### Data
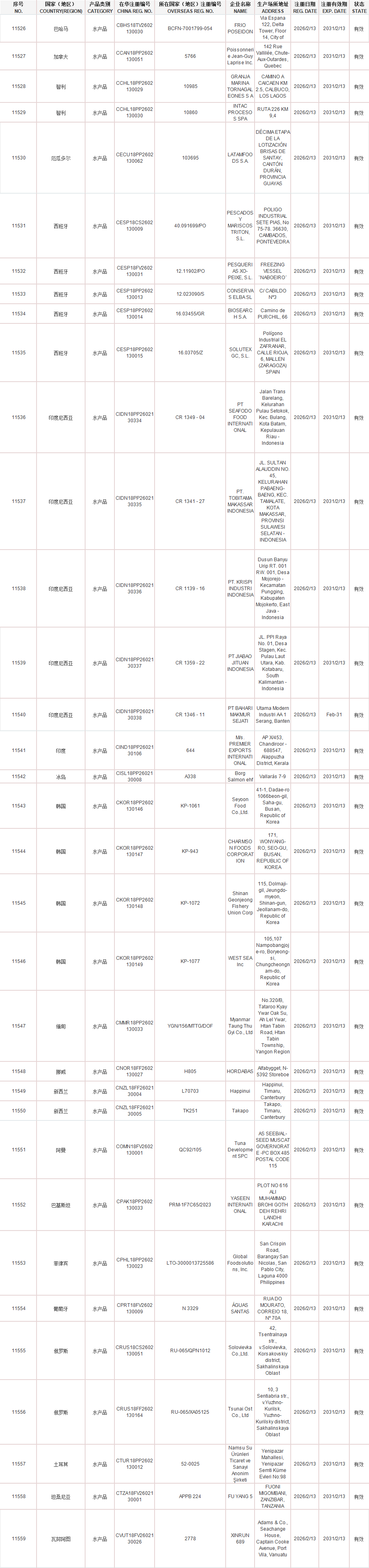 6.海关总署新增印度尼西亚5家水产品企业输华注册(注册编码为:CR 1349 - 04、CR 1341 - 27、CR 1139 - 16、CR 1359 - 22、CR 1346 - 11)自2026年2月13日(含)后生产的输华产品进口准入。
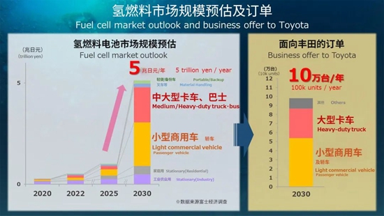 基于這一判斷,豐田將使用MIRAI的氫能部件,推進(jìn)燃料電池的對(duì)外銷(xiāo)售,在2030年預(yù)計(jì)達(dá)到10萬(wàn)輛的外銷(xiāo)訂單規(guī)模,而氫燃料電池市場(chǎng)將以商用車(chē)為中心實(shí)現(xiàn)增長(zhǎng)。
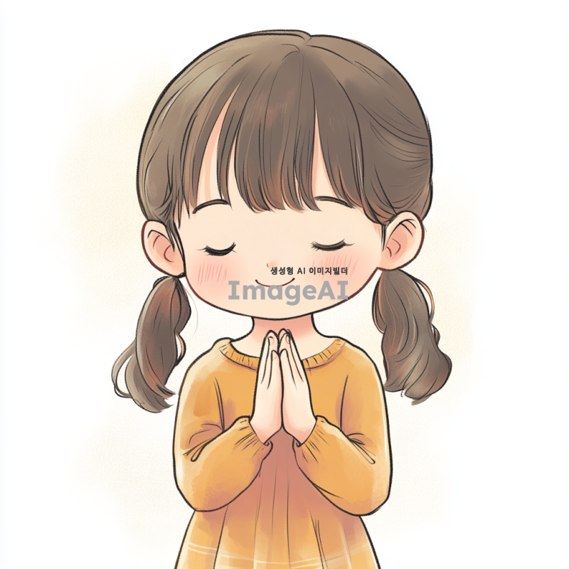 아무 배경 없이, 새해 소망을 기도하는 귀여운 여자 아이의 모습. 따뜻하고 손그림 느낌의 깔끔한 스타일2D 일러스트로, 아이는 밝고 행복한 표정을 지으며 두 손을 모으고 기도하는 자세.
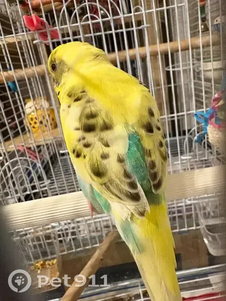 Top half of budgie is yellow while the bottom half is blue/green. Sweet loving bird but can get scard of strangers. Very small and loves seeds.
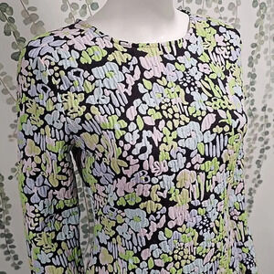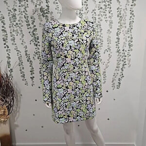 Slim-fitting mini dress with long sleeves and textured abstract pattern made from a recycled polyester blend.
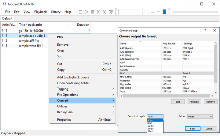 Foobar2000 (fb2k or f2k) is a freeware media player, but its conversion capabilities give it a place on this list of the best free MP3 converters. With the converter component installed, you'll find the converter functionality in the context menu. foobar2000 provides a free encoder pack to support various popular formats, such as MP3, AAC, CD Audio, WMA, FLAC, WavPack, and more. Going further into the encoder settings, you can set attributes like bit rate mode, format, quality, bit depth, etc.
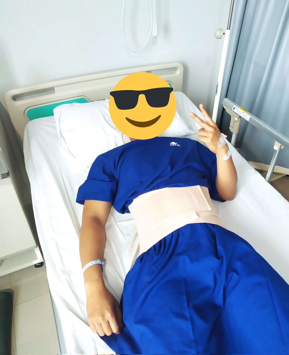 Skrg masih proses recovery, tiap hari harus pake korset. Mohon doanya supaya normal kembali 🙏
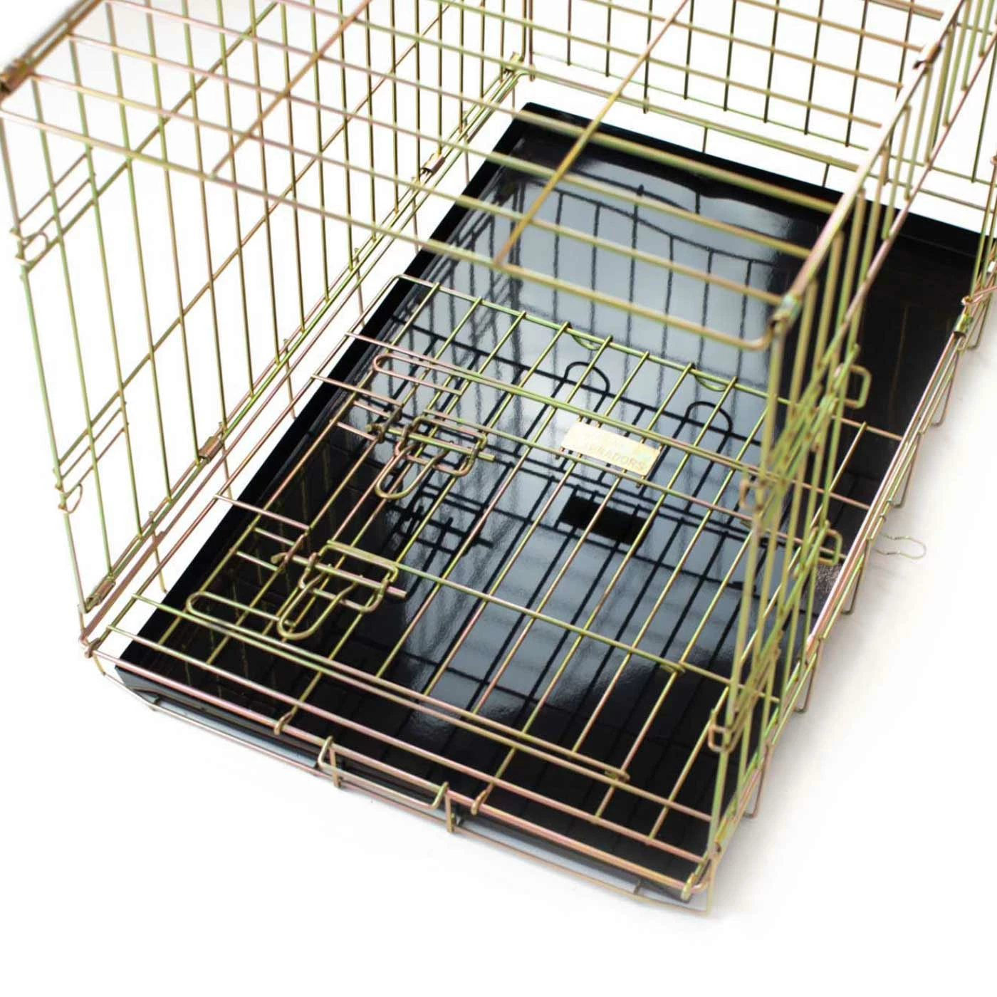โข There is a blackย metal floor tray that is easily removable for cleaning, great for puppies that love to chew!
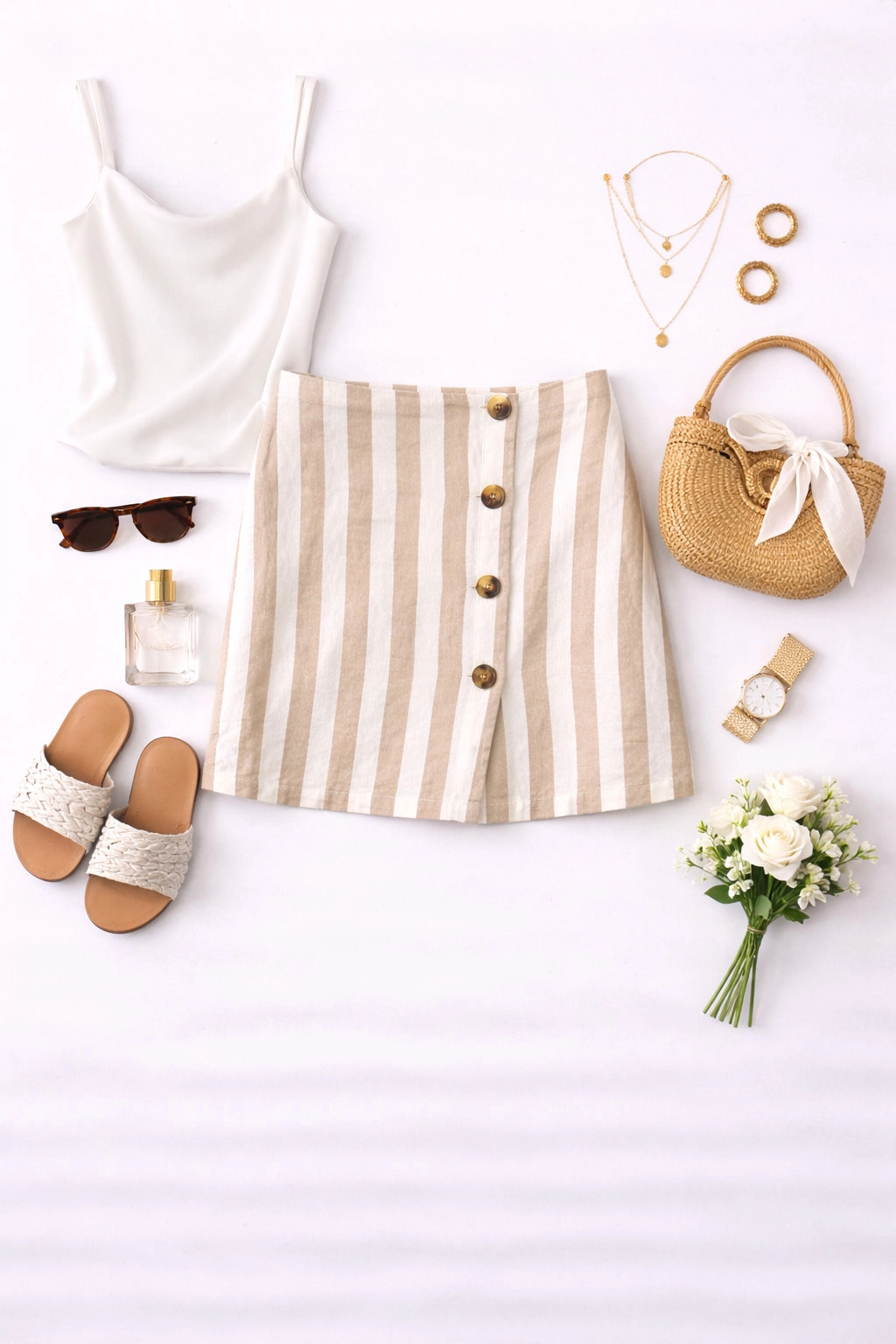 W kwestii stylizacji lniana spódnica w beżowe paski oferuje mnóstwo inspirujących możliwości. Na co dzień stworzy idealny duet z prostym, białym t-shirtem lub dopasowanym body oraz skórzanymi klapkami, tworząc look pełen miejskiego luzu i wakacyjnej swobody. Do pracy, w stylu smart casual, świetnie zaprezentuje się w połączeniu z gładką, kremową bluzką i klasycznymi loafersami, co podkreśli profesjonalny, a zarazem letni wizerunek. Beż i biel spódnicy przepięknie komponują się z brązem, złotem, oliwkową zielenią oraz wszelkimi odcieniami błękitu. Na wieczorne spotkanie wystarczy dodać delikatną biżuterię i sandałki na obcasie, by uzyskać stylizację pełną klasy i kobiecego wdzięku w bardzo naturalnym wydaniu.

### Problem to work on
Print the part of the listing above that opens with the line containing "Top half of" and closes with the line containing "Skrg masih proses". Copy it exactly, both ends included, and omit the pictures.

### Answer to the problem
 Top half of budgie is yellow while the bottom half is blue/green. Sweet loving bird but can get scard of strangers. Very small and loves seeds.
 Slim-fitting mini dress with long sleeves and textured abstract pattern made from a recycled polyester blend.
 Foobar2000 (fb2k or f2k) is a freeware media player, but its conversion capabilities give it a place on this list of the best free MP3 converters. With the converter component installed, you'll find the converter functionality in the context menu. foobar2000 provides a free encoder pack to support various popular formats, such as MP3, AAC, CD Audio, WMA, FLAC, WavPack, and more. Going further into the encoder settings, you can set attributes like bit rate mode, format, quality, bit depth, etc.
 Skrg masih proses recovery, tiap hari harus pake korset. Mohon doanya supaya normal kembali 🙏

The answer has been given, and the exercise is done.